Imagine a future thousands of years from now, in which the context and characteristics of Western Civilization have been lost to recorded history. In a futuristic archaeology museum, visitors admire and puzzle over the excavated remains of the Sistine Chapel.
The archaeologists of the future struggle to make sense of it. With nothing more to go on than a crumbling, fragmentary section of Michelangelo’s depiction of Hell from the Last Judgement, the interpretation of the iconography leads to some pretty inaccurate conclusions about the Renaissance and Christianity itself.
But while the scientists piece together the past mystery, visitors come in droves to appreciate the faded fresco for its pure aesthetic value. Even though Michelangelo is no longer remembered, his masterpiece still pulls at the spectator’s soul.

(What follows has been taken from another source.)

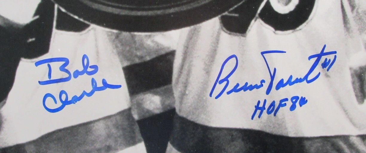 Offered is aBobby Clarke/Bernie Parent Flyers Signed 11x14 B/W Stanley Cup Photo JSA. Parent inscribed photo with his HOF year. Photo is signed in blue sharpie and is authenticated by JSA and includes their Tamper-proof Hologram Sticker and Certificate of Authenticity.

That’s one way to understand Peru’s treasure trove of archaeological artifacts that you’ll see when you visit some of the country’s world class museums.
In Peru, pottery and weavings are the surviving expressions of a long lost memory and recorded history. They offer motifs that provide clues into the culture, religion, mythology and symbolism that was the essence of once mighty civilizations.
Archaeologists continue to make new discoveries in Peru practically every month, as they piece together the puzzle of who these ancient people were.
At the same time, Peru’s museum curators have made great strides in exhibiting pre-Columbian artifacts as more than mere scientific specimens, but also as great works of art that exude a timeless and universal beauty.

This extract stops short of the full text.